Open Source & More - Blog | Tidelift

Long live the SFD

Written by Tidelift | May 31, 2018

This is a first draft; raw and unedited. You’re seeing it as it came out of my head. Conversational, informal but free.  This is a shitty first draft—or SFD—and I love it.

The idea is simple: just get something—anything—down on a page. By calling it a SFD, we are, in essence, apologizing ahead of time for it not being perfect—and giving the work the space to breathe, away from harsh judgement. The benefits of this can be huge for you, your colleagues, and your company.

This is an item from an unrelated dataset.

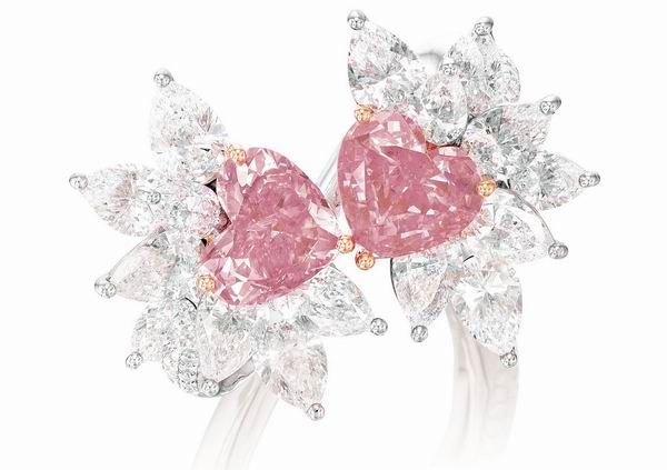 领衔这一系列的拍品是一枚别具设计巧思的戒指,它可以转换成一对耳环,并镶有两颗色泽极佳的心形阿盖尔粉红钻石。众所周知,心形钻石的切割十分困难,而要配对两颗超过一克拉并且粉红色泽与轮廓都均匀的阿盖尔钻石,难度更是超乎想象。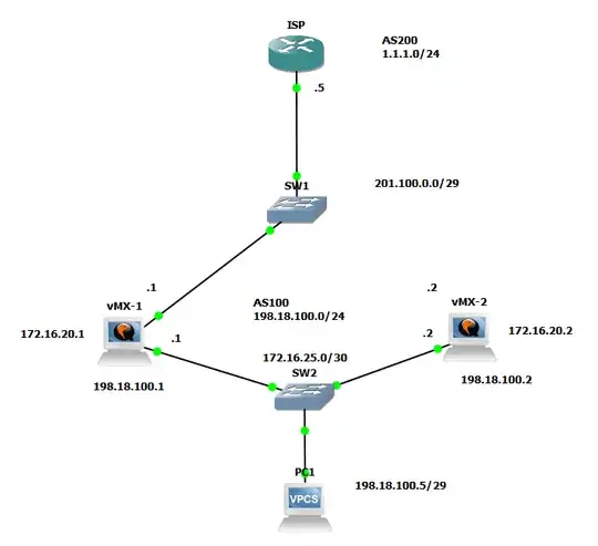 - vMX-1 and vMX-2 share virtual IP 198.18.100.3 via VRRP; this IP is set as default gateway for PC1 (198.18.100.5);

Writer’s block: we’ve all been there. Often getting things out of your head and onto a page can be hugely stressful. They have to be well informed, well articulated… damned-near perfect to convince your audience of your arguments, your proposal, your ideas. Last year I worried so much about my writing that I employed a writing coach for a year, but very quickly that stress has subsided at Tidelift, due to the SFD approach.

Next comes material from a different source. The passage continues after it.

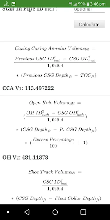 This app calculates important oilfield calculations in a matter of seconds using only a few input fields. After all the input has been entered, just press Calculate to show all the step by step calculations a process takes into getting the desired result.

Chris Grams brought the idea to us from his previous company, New Kind. But the idea itself isn’t enough to bring about the increased productivity it can create; you need to build a company culture that supports it.

A culture that’s about mutual trust and respect for each other. A culture that accepts that we’re not always at our best and that mistakes are a byproduct of creativity. A culture that encourages the creation of a shared pool of meaning and intent before beginning to chisel, hone, and otherwise craft artifacts.

The SFD is particularly important for new organisations trying to establish a team around a new idea. It’s also essential for remote organisations where asynchronous communication is a key part of the fabric holding teams together. And as a result I think it’s a great philosophy for open source projects to adopt, too.

Open source projects—and the maintainers behind them—are often constrained by time. And yet most have the tools needed to chisel and hone those artifacts in the face of a rough cut. I may even argue that putting out a SFD document, design, or prototype may encourage the kind of communication between contributors and users that leads to a better informed, more effective community in the end, while enabling newer contributors to take part and feel like a more involved member of the community than a commit to fix a lint error might provide.

So let’s all be a little freer with our thought and more accepting of mistakes as part of the process.